- Provided data -
-- -- --

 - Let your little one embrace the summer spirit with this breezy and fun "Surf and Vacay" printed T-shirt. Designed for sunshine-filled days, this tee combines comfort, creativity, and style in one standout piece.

-- -- --

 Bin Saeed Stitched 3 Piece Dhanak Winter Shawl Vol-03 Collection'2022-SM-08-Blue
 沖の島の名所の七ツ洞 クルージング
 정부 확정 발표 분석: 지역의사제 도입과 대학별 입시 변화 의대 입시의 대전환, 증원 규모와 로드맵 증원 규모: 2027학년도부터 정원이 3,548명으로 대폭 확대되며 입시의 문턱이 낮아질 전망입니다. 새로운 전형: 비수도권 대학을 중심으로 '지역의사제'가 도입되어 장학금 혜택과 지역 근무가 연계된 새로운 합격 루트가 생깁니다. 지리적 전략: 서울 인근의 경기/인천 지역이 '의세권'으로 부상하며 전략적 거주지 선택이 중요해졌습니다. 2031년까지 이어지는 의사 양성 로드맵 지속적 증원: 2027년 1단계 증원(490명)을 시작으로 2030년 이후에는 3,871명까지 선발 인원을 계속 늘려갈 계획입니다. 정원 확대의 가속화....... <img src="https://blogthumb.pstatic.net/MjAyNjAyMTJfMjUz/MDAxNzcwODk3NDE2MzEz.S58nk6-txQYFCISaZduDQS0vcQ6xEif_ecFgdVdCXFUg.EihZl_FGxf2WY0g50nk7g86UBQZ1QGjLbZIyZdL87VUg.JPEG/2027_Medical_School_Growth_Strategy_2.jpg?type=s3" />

-- -- --

- How to complete this task -
Retype only the stretch of lines above starting at the one with "Bin Saeed Stitched" and stopping at the one with "정부 확정 발표 분석: 지역의사제", exactly as written, with both kept.

- Output of the task -
 Bin Saeed Stitched 3 Piece Dhanak Winter Shawl Vol-03 Collection'2022-SM-08-Blue
 沖の島の名所の七ツ洞 クルージング
 정부 확정 발표 분석: 지역의사제 도입과 대학별 입시 변화 의대 입시의 대전환, 증원 규모와 로드맵 증원 규모: 2027학년도부터 정원이 3,548명으로 대폭 확대되며 입시의 문턱이 낮아질 전망입니다. 새로운 전형: 비수도권 대학을 중심으로 '지역의사제'가 도입되어 장학금 혜택과 지역 근무가 연계된 새로운 합격 루트가 생깁니다. 지리적 전략: 서울 인근의 경기/인천 지역이 '의세권'으로 부상하며 전략적 거주지 선택이 중요해졌습니다. 2031년까지 이어지는 의사 양성 로드맵 지속적 증원: 2027년 1단계 증원(490명)을 시작으로 2030년 이후에는 3,871명까지 선발 인원을 계속 늘려갈 계획입니다. 정원 확대의 가속화....... <img src="https://blogthumb.pstatic.net/MjAyNjAyMTJfMjUz/MDAxNzcwODk3NDE2MzEz.S58nk6-txQYFCISaZduDQS0vcQ6xEif_ecFgdVdCXFUg.EihZl_FGxf2WY0g50nk7g86UBQZ1QGjLbZIyZdL87VUg.JPEG/2027_Medical_School_Growth_Strategy_2.jpg?type=s3" />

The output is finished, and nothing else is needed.